C’est pourquoi il est incompréhensible que d’authentiques mouvements de la société civile tels Y’en a marre, le M23, la Raddho et des partis de gauche, le RND, Taxaw Tem, notamment, se retrouvent dans cette coalition du «non».
Si ce dimanche le «non» l’emportait, ils auront servi de soutiers à la restauration libérale après avoir servi de marchepied à celui qui aura enterré les Assises nationales.

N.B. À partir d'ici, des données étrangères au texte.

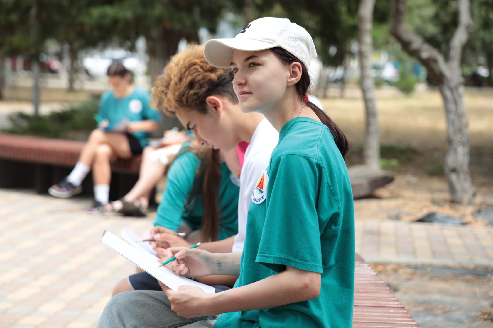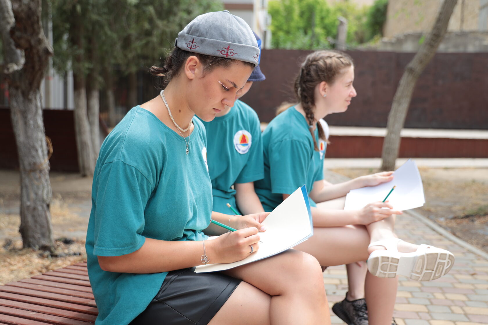В рамках фестиваля "Великая Победа! Великое будущее!" участники смены вышли на пленэр в сквер имени Кирова, расположенный в уютной приморской части Евпатории.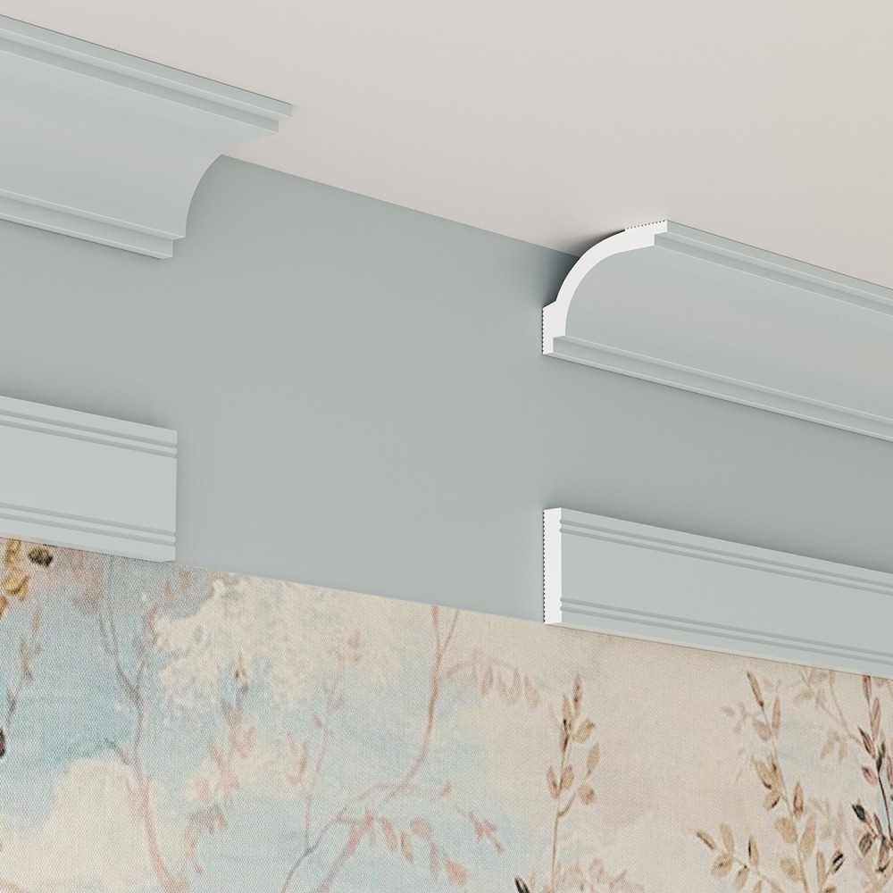 Потолочный плинтус под покраску Cosca Decor KX048 изготовлен из экополимера (полистирола) — ударопрочного и влагостойкого материала. Изделие загрунтовано в своей массе — его можно красить любой краской, либо использовать неокрашенным, при этом экополимер не пожелтеет со временем и сохранит свой белый цвет благодаря светостабилизатору в составе.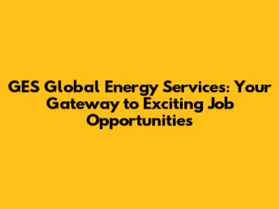 GES Global Energy Services: Job Opportunities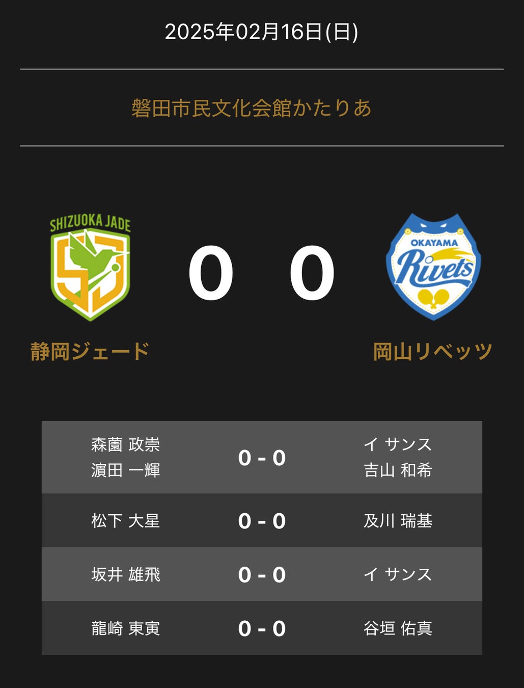 ノジマTリーグ 2024-2025シーズン 公式戦 2月16日開催 静岡ジェードvs岡山リベッツ 対戦オーダー発表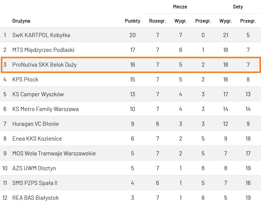 Po tym spotkaniu ProNutiva SKK Belsk Duży spadła na 3. miejsce w ligowej tabeli. Najbliższe spotkanie belski zespół rozegra 15 listopada, kiedy to w Warszawie zmierzy się z MOS Wola Tramwaje Warszawskie.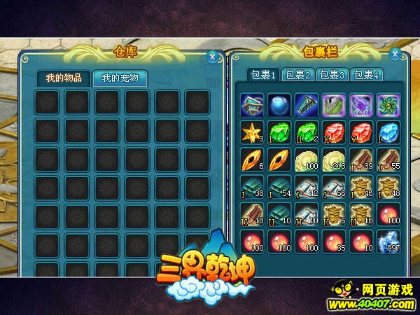 仓库用于存放银两和宠物,相当于玩家的一个小金库和宠物园。在这里,玩家可以随取随村,也可以全部取出。当你背包满了的时候,仓库将为你准备更多空间用于放置装备物品等等。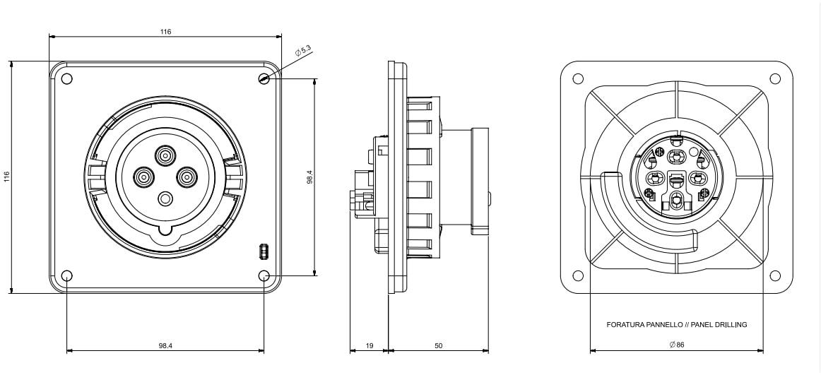 SCAME PARRE SPA - SCASCM420B7W SPINA DA INCASSO 20A 3P 4W 7H IP67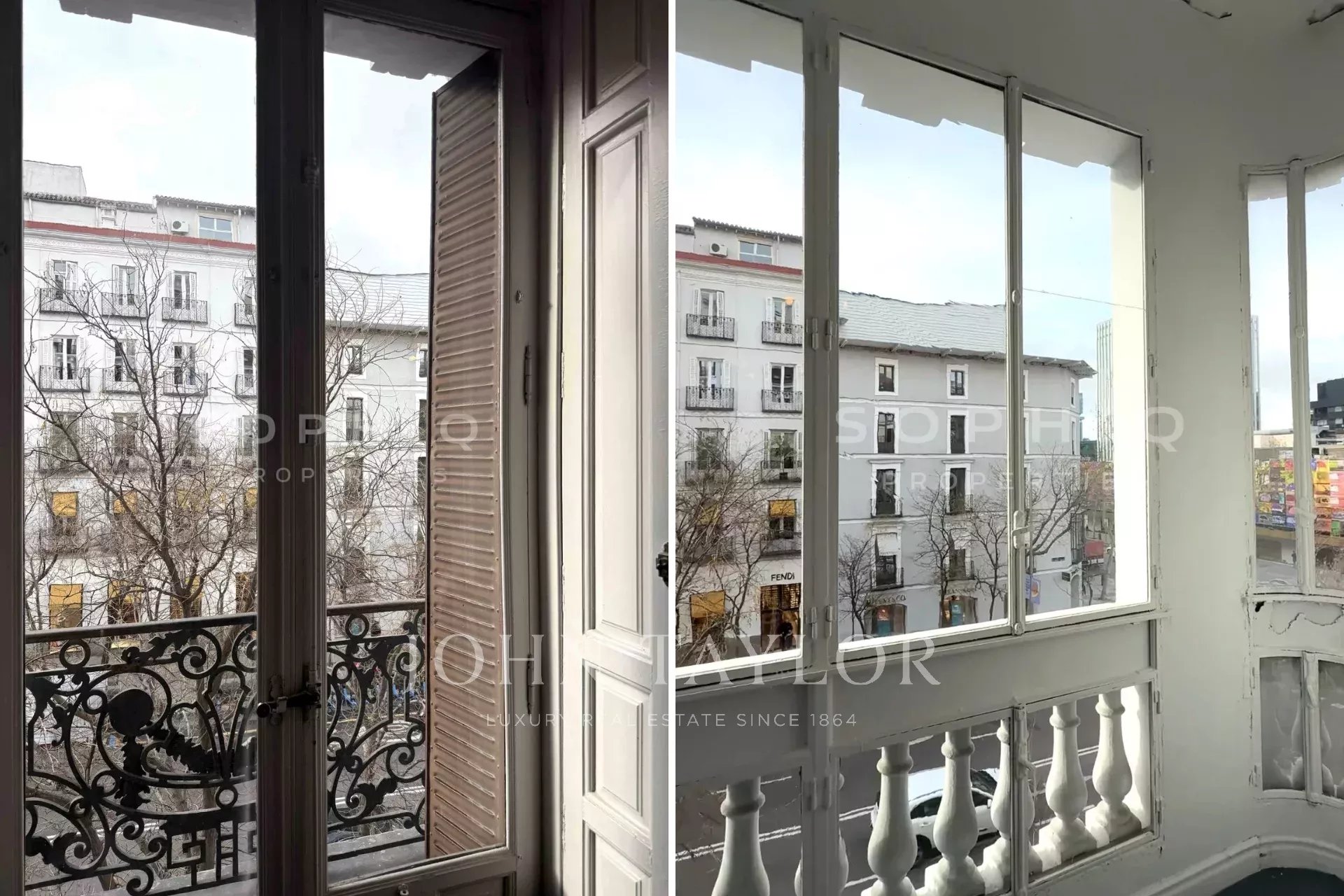 Exklusive, zu renovierende Immobilie in einem der elegantesten und stattlichsten Gebäude in der prestigeträchtigen Straße von José Ortega y Gasset, die ein einzigartiges Wohnerlebnis bietet. Mit einer Südausrichtung und freiem Blick nach Westen, genießt es eine Fülle von natürlichem Licht den ganzen Tag. Die 3,30 Meter hohen Decken und der Sozialbereich mit großen Fenstern, einem klassischen Erker, einem Balkon und einer Steinbalustrade sorgen für einen Hauch von Vornehmheit und Eleganz.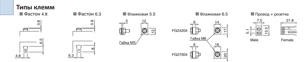 | 12FGH23 | 12 | 5.0 | 2.10 | 90 | 70 | 101 | 107 | 75 | 1.25 | фастон 6,3 |
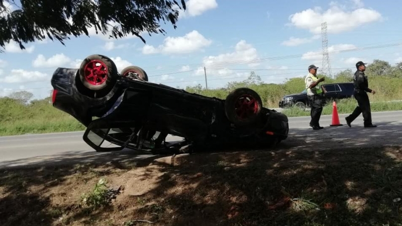 Por intentar incorporarse sin el debido cuidado a la carretera Umán-Mérida, el chofer de una camioneta de carga de la empresa Acerofertas terminó con un motociclista lesionado y ensartado en una de sus llantas.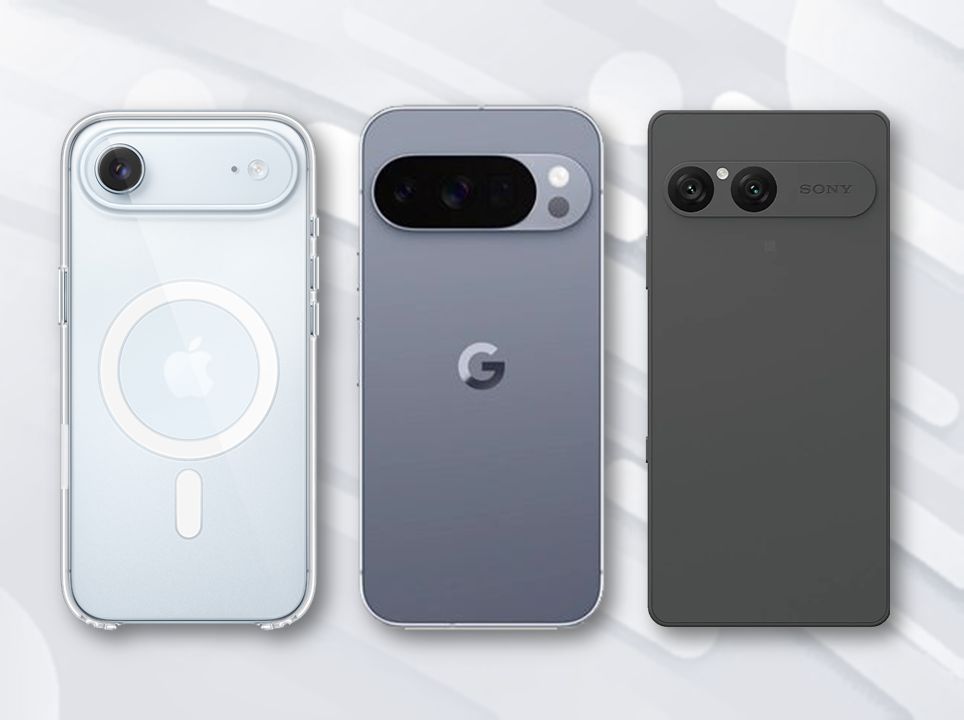 Apple iPhone Air versus Google Pixel 10 Pro versus Sony Xperia 10 VII. Product photos: respective brands. Illustration: Just So

Il ne s’agit pas bien évidemment de s’allier au camp du «oui», ce panier à crabes contenant ce qui reste de Bennoo bokk yaakaar c’est-à-dire cette armée sans état-major qu’est devenue l’Alliance des forces de Progrès de Moustapha Niasse, ce lambeau du Parti socialiste autour d’Ousmane Tanor Dieng, l’état-major sans troupes du PIT, cette LD qui a perdu ses repères et cette coquille vide qu’est devenue And Jef/Pads de Landing Savané.
La coalition du «oui» est d’autant moins attirante qu’elle s’est attifée des barons d’hier comme Habib Thiam et de tous les transhumants de la dernière heure, de Djibo Ka à Me Ousmane Séye en passant par Abdourahim Agne.
En réalité une seule posture s’impose : refuser de choisir entre la peste du «oui» et le choléra du «non». «Ne pas voter, c’est voter», disait déjà Cheikh Anta Diop. Ce mot d’ordre a tout son sens face au référendum.